The blocked weighted bootstrap is an estimation technique for use with data from two-stage cluster sampled surveys in which either prior weighting (e.g. population-proportional sampling or PPS as used in Standardized Monitoring and Assessment of Relief and Transitions or SMART surveys) or posterior weighting (e.g. as used in Rapid Assessment Method or RAM and Simple Spatial Sampling Method or S3M surveys) is implemented.
You can install bbw
from CRAN with:
install.packages("bbw")
You can install the current development version of bbw
from GitHub via
the remotes
package with:
if(!require(remotes)) install.packages("remotes")
remotes::install_github("rapidsurveys/bbw")
bbw
as used in RAM and S3M is a modification to the
percentile bootstrap to include blocking and weighting to account
for a complex sample design.
With RAM and S3M surveys, the sample is complex in the sense that it is an unweighted cluster sample. Data analysis procedures need to account for the sample design. A blocked weighted bootstrap can be used:
Blocked: The block corresponds to the primary sampling unit (PSU = cluster). PSUs are resampled with replacement. Observations within the resampled PSUs are also sampled with replacement.
Weighted: RAM and S3M samples do not use population
proportional sampling (PPS) to weight the sample prior to data
collection (e.g. as is done with SMART surveys). This means that a
posterior weighting procedure is required. bbw
uses a “roulette
wheel” algorithm (see illustration below) to weight (i.e. by
population) the selection probability of PSUs in bootstrap replicates.
In the case of prior weighting by PPS all clusters are given the same weight. With posterior weighting (as in RAM or S3M) the weight is the population of each PSU. This procedure is very similar to the fitness proportional selection technique used in evolutionary computing.
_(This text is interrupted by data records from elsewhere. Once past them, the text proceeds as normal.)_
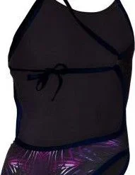 The new one-piece swimsuit features an athletic cut with an original design with contrasting bindings that will enhance the figure. Its straps cross, meet and adjust in the back to give you great freedom of movement on your arm strokes. They are tied in the middle of the back and thus adapt to all body types. A simple knot is enough to provide good support throughout the session, with minimal coverage in the back for even more ease.
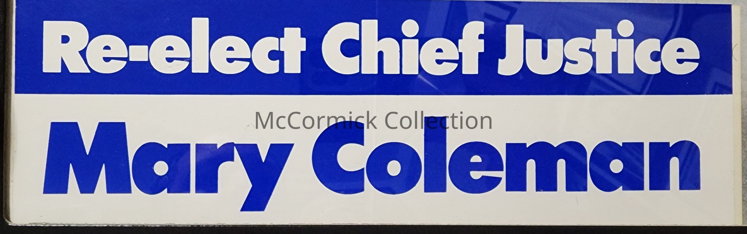 A blue and white political bumper sticker for the Reelection of Chief Justice Mary Coleman.
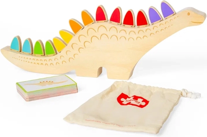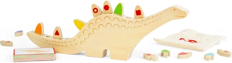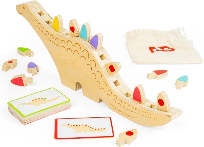 Acest joc creativ de echilibru și sortare cu tematică de dinozaur aduce zeci de scenarii de joacă. Copiii pot asocia pe culori sau forme conform instrucțiunilor de pe carduri sau pot încerca să echilibreze și să aranjeze piesele în canelurile de pe spatele dinozaurului. Jocul deschis susține autonomia, concentrarea și răbdarea.

A total of m PSUs are sampled with replacement for each bootstrap replicate (where m is the number of PSUs in the survey sample).
The required statistic is applied to each replicate. The reported estimate consists of the 0.025th (95% LCL), 0.5th (point estimate), and 0.975th (95% UCL) quantiles of the distribution of the statistic across all survey replicates.
The main reason to use bbw
is that the bootstrap allows a wider range
statistics to be calculated than model-based techniques without resort
to grand assumptions about the sampling distribution of the required
statistic. A good example for this is the confidence interval on the
difference between two medians which might be used for many
socio-economic variables. The bbw
also allows for a wider range of
hypothesis tests to be used with complex sample survey data.